De todo modo, espera-se que a lei venha a beneficiar tantos os consumidores endividados, a quem serão oportunizadas melhores possibilidades de reerguimento e reinserção no mercado de consumo (de forma digna), como os fornecedores, ante a maior probabilidade de satisfação dos créditos mediante realização de operações creditícias conscientes e responsáveis, de modo a favorecer a superação do atual contexto de crise econômica.

[1] Como constou do parecer da Comissão de Defesa do Consumidor da Câmara dos Deputados durante a tramitação do projeto de lei 3.515/2015

[2]A guarida a essa esfera patrimonial básica acentua a consideração de valores que denotam interesses sociais incidentes sobre as titularidades. Tais valores recaem, ainda que de modo diverso, sobre a posse a propriedade”. FACHIN, Luiz Edson. Estatuto Jurídico do Patrimônio Mínimo. 2 ed. Rio de Janeiro: Renovar, 2006. p. 285.

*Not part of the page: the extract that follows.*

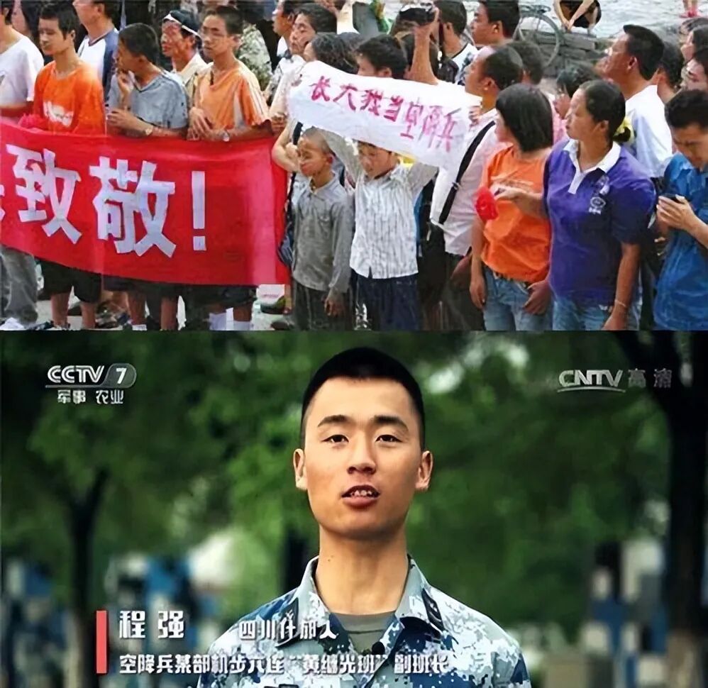 当年汶川群众队伍里高举“长大我当空降兵”的小男孩程强,如今真的当了空降兵,而且还是英雄部队“黄继光”班的副班长。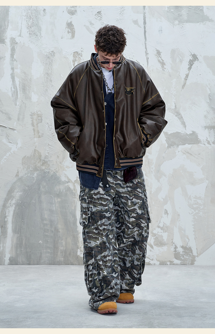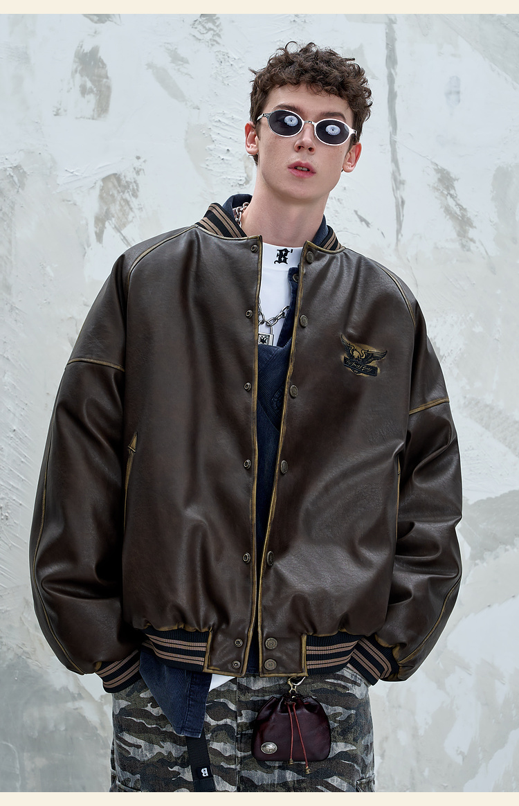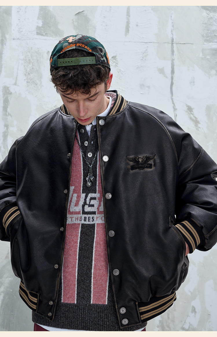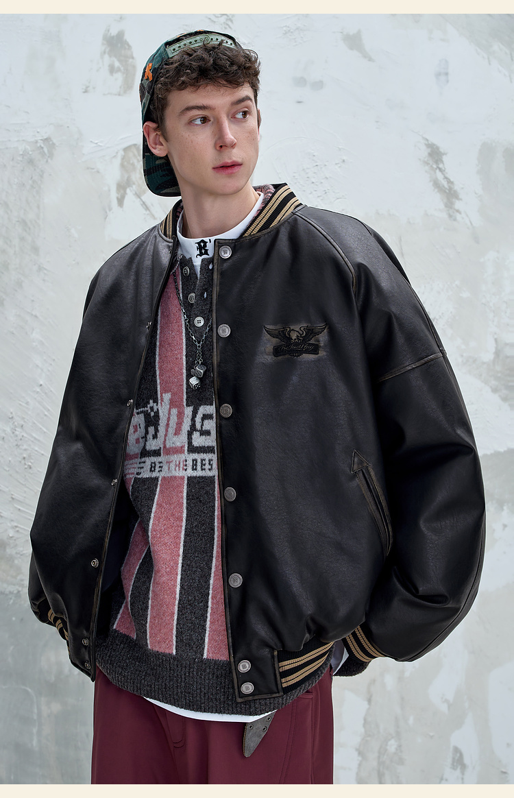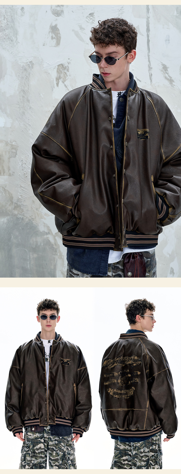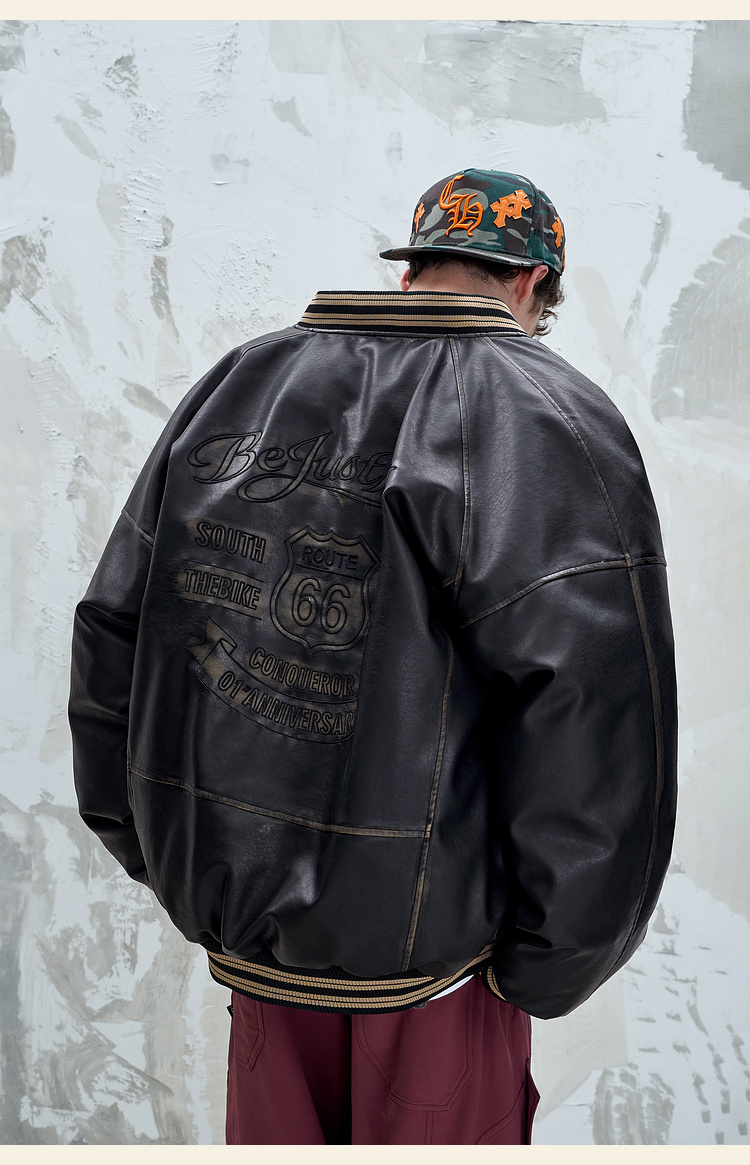 BJHG不计后果机车风羽绒服男女款冬季外套美式复古运动棒球羽绒服

[3] Art. 54-B. No fornecimento de crédito e na venda a prazo, além das informações obrigatórias previstas no art. 52 deste Código e na legislação aplicável à matéria, o fornecedor ou o intermediário deverá informar o consumidor, prévia e adequadamente, no momento da oferta, sobre:      

I - o custo efetivo total e a descrição dos elementos que o compõem;     

II - a taxa efetiva mensal de juros, bem como a taxa dos juros de mora e o total de encargos, de qualquer natureza, previstos para o atraso no pagamento;    

III - o montante das prestações e o prazo de validade da oferta, que deve ser, no mínimo, de 2 (dois) dias;

IV - o nome e o endereço, inclusive o eletrônico, do fornecedor;     

V - o direito do consumidor à liquidação antecipada e não onerosa do débito, nos termos do § 2º do art. 52 deste Código e da regulamentação em vigor.      

§ 1º As informações referidas no art. 52 deste Código e no caput deste artigo devem constar de forma clara e resumida do próprio contrato, da fatura ou de instrumento apartado, de fácil acesso ao consumidor.   

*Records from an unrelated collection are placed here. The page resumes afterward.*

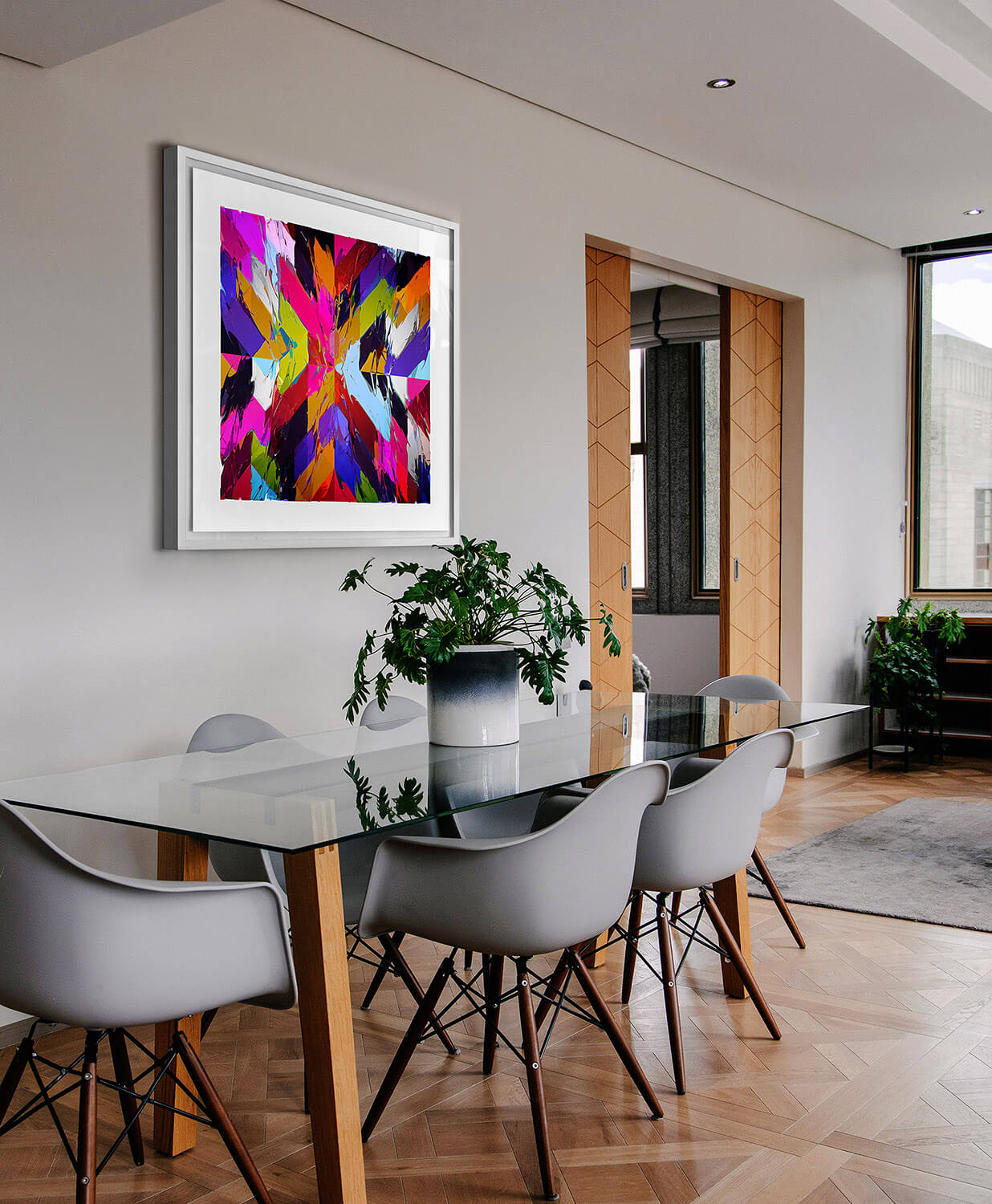 The works I generate are large format C type photographic prints. Original digital drawings exposed onto photographic paper by laser light, developed, fixed and washed in the traditional manner. These C type prints are then bonded to clear perspex using the Diasec process. The glazed pieces can then be laser cut to shape, framed, or simply mounted directly to the wall.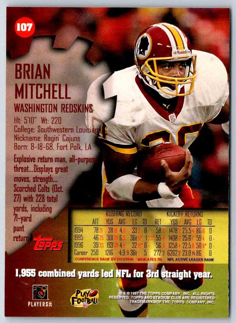 1997 Topps Stadium Club Football Brian Mitchell #107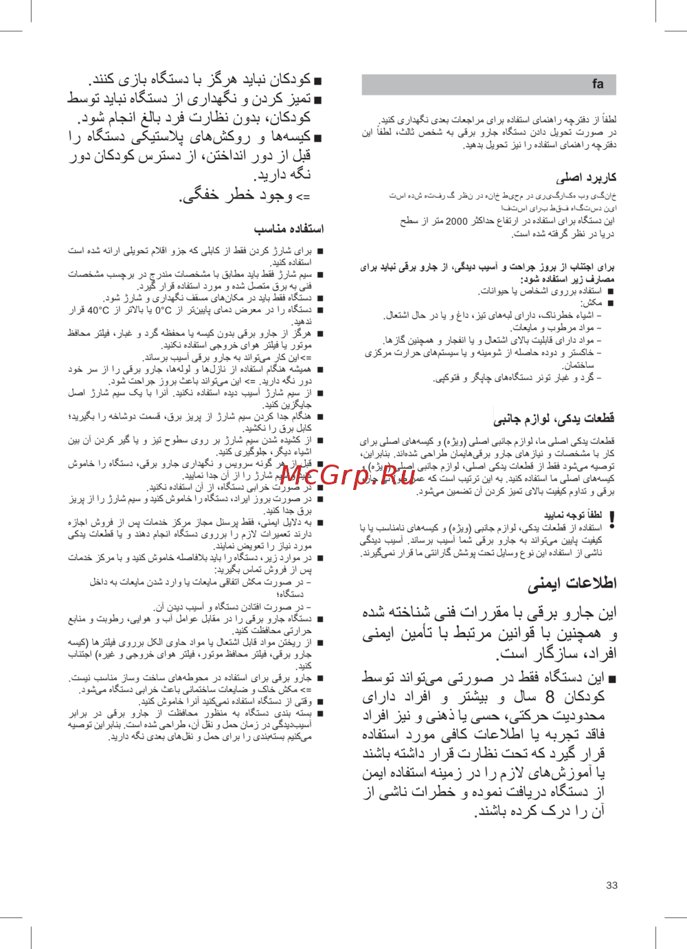 - The appliance may be used by children over the age of 8 years and by persons with reduced physical sensory or mental capacity or by per sons with a lack of experi ence or knowledge if they are supervised or have been inst ructed on the safe use of the appliance and have under stood the potential dangers of using the appliance p.6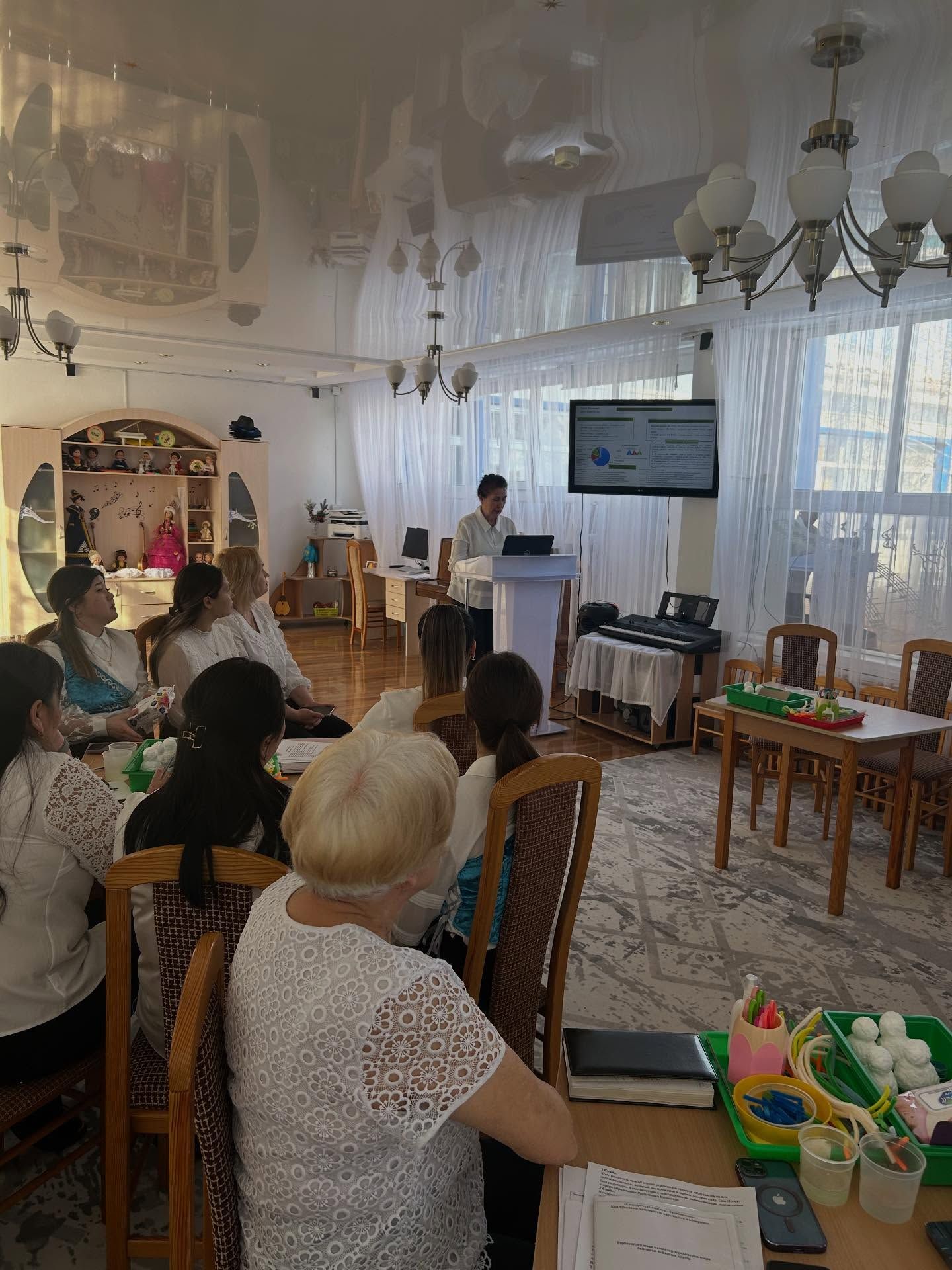 «Снегурочка» бөбекжайы» КМҚК және «Лесенка успеха» бөбекжайы» ЖШС бөбекжайларының сабақтастық жоспары аясында логопед Инна Сергеевна Аушева педагогтарды ерекше бі…

§ 2º Para efeitos deste Código, o custo efetivo total da operação de crédito ao consumidor consistirá em taxa percentual anual e compreenderá todos os valores cobrados do consumidor, sem prejuízo do cálculo padronizado pela autoridade reguladora do sistema financeiro.      

§ 3º Sem prejuízo do disposto no art. 37 deste Código, a oferta de crédito ao consumidor e a oferta de venda a prazo, ou a fatura mensal, conforme o caso, devem indicar, no mínimo, o custo efetivo total, o agente financiador e a soma total a pagar, com e sem financiamento. 

[4] Já se percebia esse entendimento no âmbito dos tribunais. Vale citar, a título de exemplo, o seguinte julgado: “Instituição bancária que concede crédito sem averiguação da capacidade econômica do consumidor, contrata sob a égide da temeridade ou alto risco, devendo arcar com os prejuízos daí resultantes. Culpa in iligendo e in vigilando que de forma flagrante e incontroversa qualifica a relação contratual das partes litigantes. Concessão de crédito a quem não tem condições de realizar sua prestação obrigacional, importa em contratação viciada principalmente em razão de simular e induzir em erro o cliente fazendo parecer que terá ele condições de pagamento” (TJ/RS, 23ª C. Cível, rel.  Ana Paula Dalbosco, APC nº 70060010568, j. 25/11/2014).

[5] §3º O juiz poderá nomear administrador, desde que isso não onere as partes, o qual, no prazo de até 30 (trinta) dias, após cumpridas as diligências eventualmente necessárias, apresentará plano de pagamento que contemple medidas de temporização ou de atenuação dos encargos.